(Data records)
↓↓↓
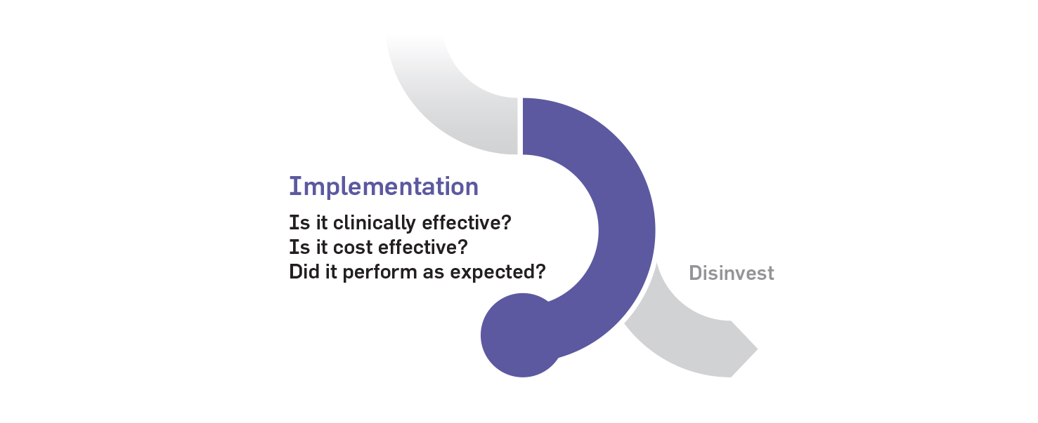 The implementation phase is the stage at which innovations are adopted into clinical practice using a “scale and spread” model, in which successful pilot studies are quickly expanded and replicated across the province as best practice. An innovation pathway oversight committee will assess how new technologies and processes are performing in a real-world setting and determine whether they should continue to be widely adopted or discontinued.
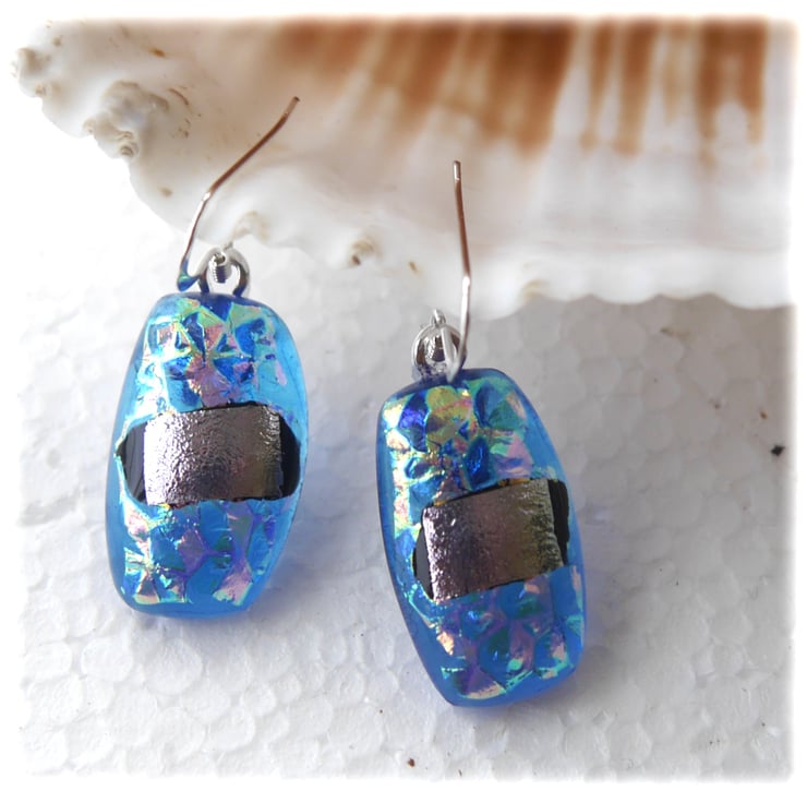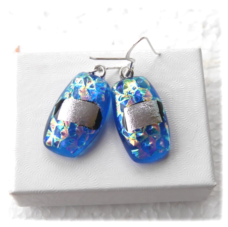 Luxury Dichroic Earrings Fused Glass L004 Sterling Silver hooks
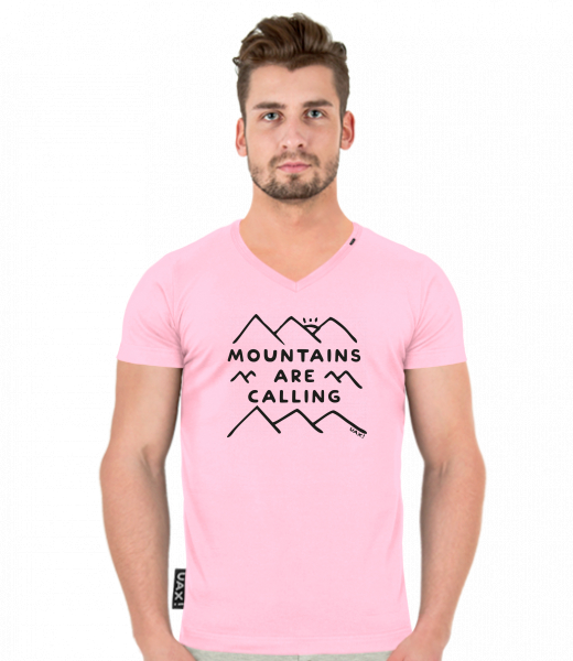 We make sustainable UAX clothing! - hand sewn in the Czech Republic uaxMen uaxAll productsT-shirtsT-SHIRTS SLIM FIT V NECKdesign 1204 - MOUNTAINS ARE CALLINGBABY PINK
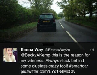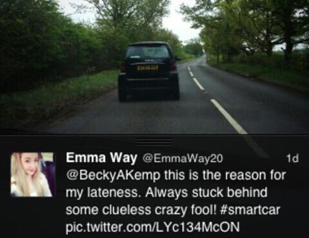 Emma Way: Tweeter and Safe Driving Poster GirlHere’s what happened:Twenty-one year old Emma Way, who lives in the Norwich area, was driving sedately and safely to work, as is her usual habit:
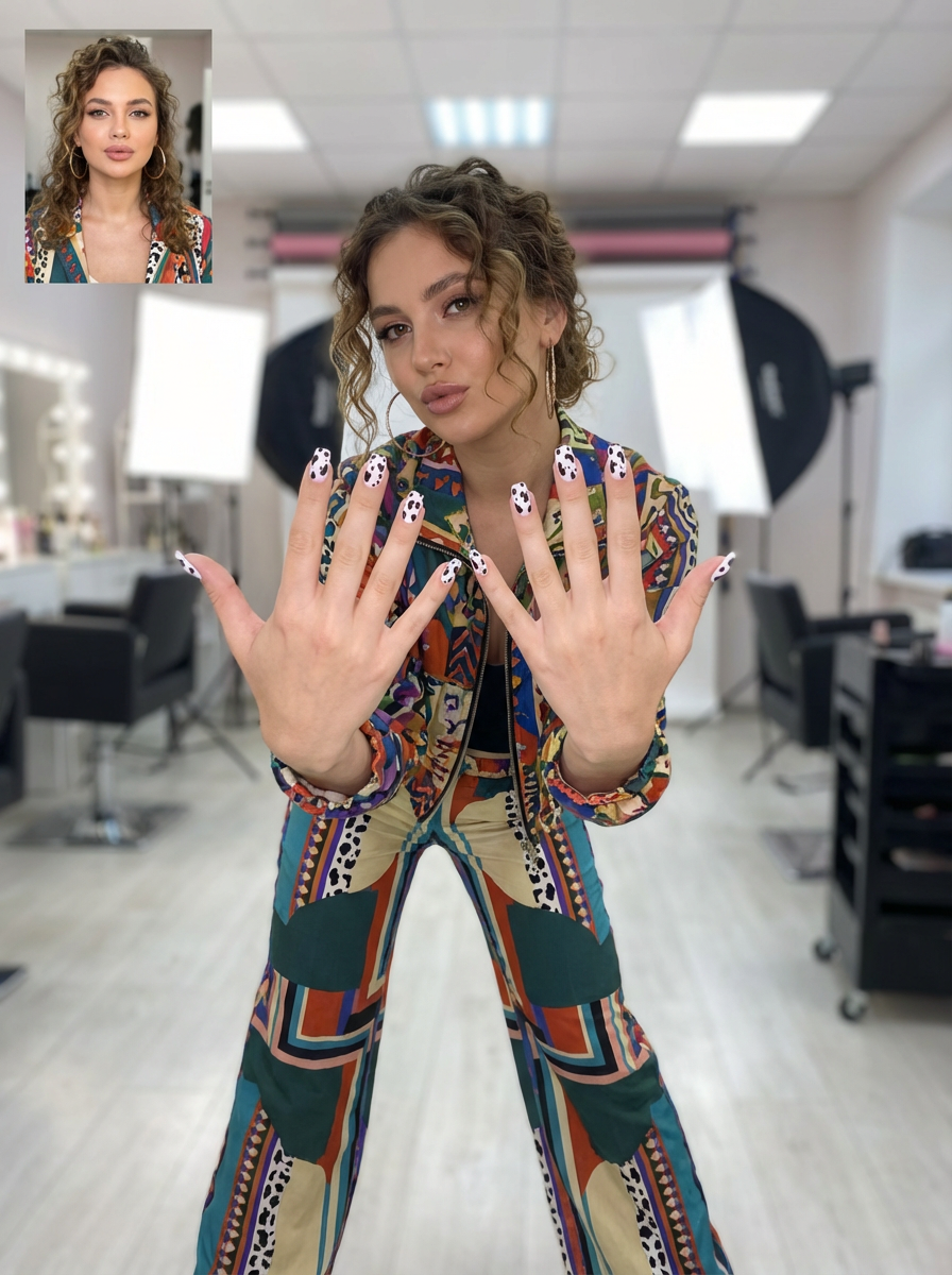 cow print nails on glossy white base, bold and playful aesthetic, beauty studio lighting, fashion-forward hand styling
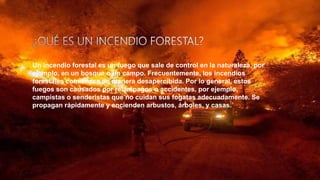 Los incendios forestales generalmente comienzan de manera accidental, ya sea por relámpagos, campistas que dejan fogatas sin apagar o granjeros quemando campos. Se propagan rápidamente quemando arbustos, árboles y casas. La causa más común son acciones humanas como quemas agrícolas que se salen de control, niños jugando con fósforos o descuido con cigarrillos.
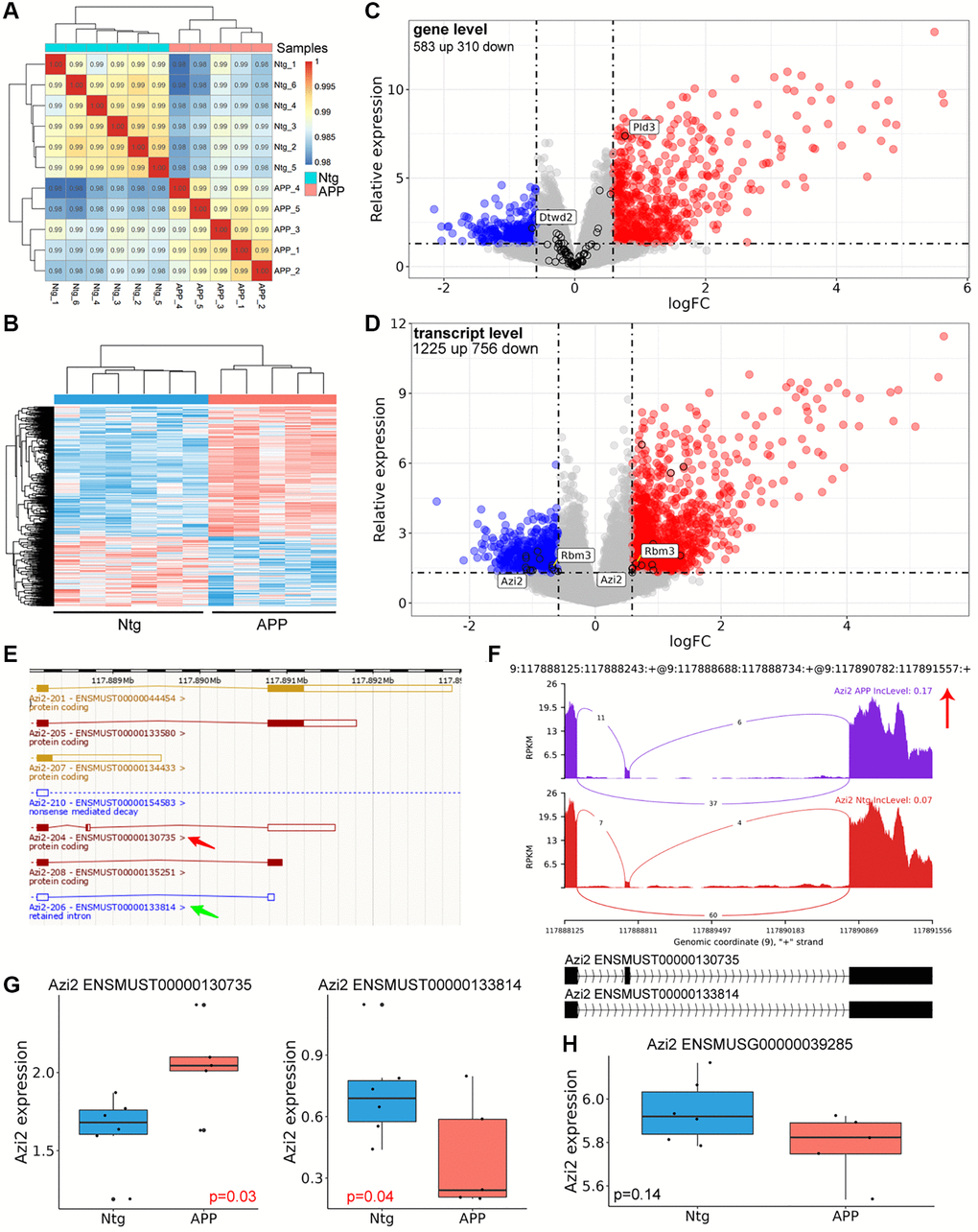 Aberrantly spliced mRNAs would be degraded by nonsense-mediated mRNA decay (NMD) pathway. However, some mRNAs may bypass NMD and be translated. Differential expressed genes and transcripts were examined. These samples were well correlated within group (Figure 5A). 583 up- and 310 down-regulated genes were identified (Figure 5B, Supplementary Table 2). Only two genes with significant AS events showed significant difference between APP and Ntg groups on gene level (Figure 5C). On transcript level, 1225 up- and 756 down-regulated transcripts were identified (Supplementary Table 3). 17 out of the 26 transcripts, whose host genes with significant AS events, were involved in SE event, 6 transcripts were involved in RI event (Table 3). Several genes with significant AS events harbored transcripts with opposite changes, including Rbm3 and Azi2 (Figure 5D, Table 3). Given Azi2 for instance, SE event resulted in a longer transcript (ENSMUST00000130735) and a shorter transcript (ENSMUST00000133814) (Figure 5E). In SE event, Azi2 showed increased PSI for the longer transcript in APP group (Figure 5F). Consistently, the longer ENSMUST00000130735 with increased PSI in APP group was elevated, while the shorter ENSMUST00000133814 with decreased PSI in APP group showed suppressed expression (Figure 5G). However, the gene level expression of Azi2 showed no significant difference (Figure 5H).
↑↑↑
### [Required action]
Output each record above exactly; omit the images.

### [Exercise answer]
 The implementation phase is the stage at which innovations are adopted into clinical practice using a “scale and spread” model, in which successful pilot studies are quickly expanded and replicated across the province as best practice. An innovation pathway oversight committee will assess how new technologies and processes are performing in a real-world setting and determine whether they should continue to be widely adopted or discontinued.
 Luxury Dichroic Earrings Fused Glass L004 Sterling Silver hooks
 We make sustainable UAX clothing! - hand sewn in the Czech Republic uaxMen uaxAll productsT-shirtsT-SHIRTS SLIM FIT V NECKdesign 1204 - MOUNTAINS ARE CALLINGBABY PINK
 Emma Way: Tweeter and Safe Driving Poster GirlHere’s what happened:Twenty-one year old Emma Way, who lives in the Norwich area, was driving sedately and safely to work, as is her usual habit:
 cow print nails on glossy white base, bold and playful aesthetic, beauty studio lighting, fashion-forward hand styling
 Los incendios forestales generalmente comienzan de manera accidental, ya sea por relámpagos, campistas que dejan fogatas sin apagar o granjeros quemando campos. Se propagan rápidamente quemando arbustos, árboles y casas. La causa más común son acciones humanas como quemas agrícolas que se salen de control, niños jugando con fósforos o descuido con cigarrillos.
 Aberrantly spliced mRNAs would be degraded by nonsense-mediated mRNA decay (NMD) pathway. However, some mRNAs may bypass NMD and be translated. Differential expressed genes and transcripts were examined. These samples were well correlated within group (Figure 5A). 583 up- and 310 down-regulated genes were identified (Figure 5B, Supplementary Table 2). Only two genes with significant AS events showed significant difference between APP and Ntg groups on gene level (Figure 5C). On transcript level, 1225 up- and 756 down-regulated transcripts were identified (Supplementary Table 3). 17 out of the 26 transcripts, whose host genes with significant AS events, were involved in SE event, 6 transcripts were involved in RI event (Table 3). Several genes with significant AS events harbored transcripts with opposite changes, including Rbm3 and Azi2 (Figure 5D, Table 3). Given Azi2 for instance, SE event resulted in a longer transcript (ENSMUST00000130735) and a shorter transcript (ENSMUST00000133814) (Figure 5E). In SE event, Azi2 showed increased PSI for the longer transcript in APP group (Figure 5F). Consistently, the longer ENSMUST00000130735 with increased PSI in APP group was elevated, while the shorter ENSMUST00000133814 with decreased PSI in APP group showed suppressed expression (Figure 5G). However, the gene level expression of Azi2 showed no significant difference (Figure 5H).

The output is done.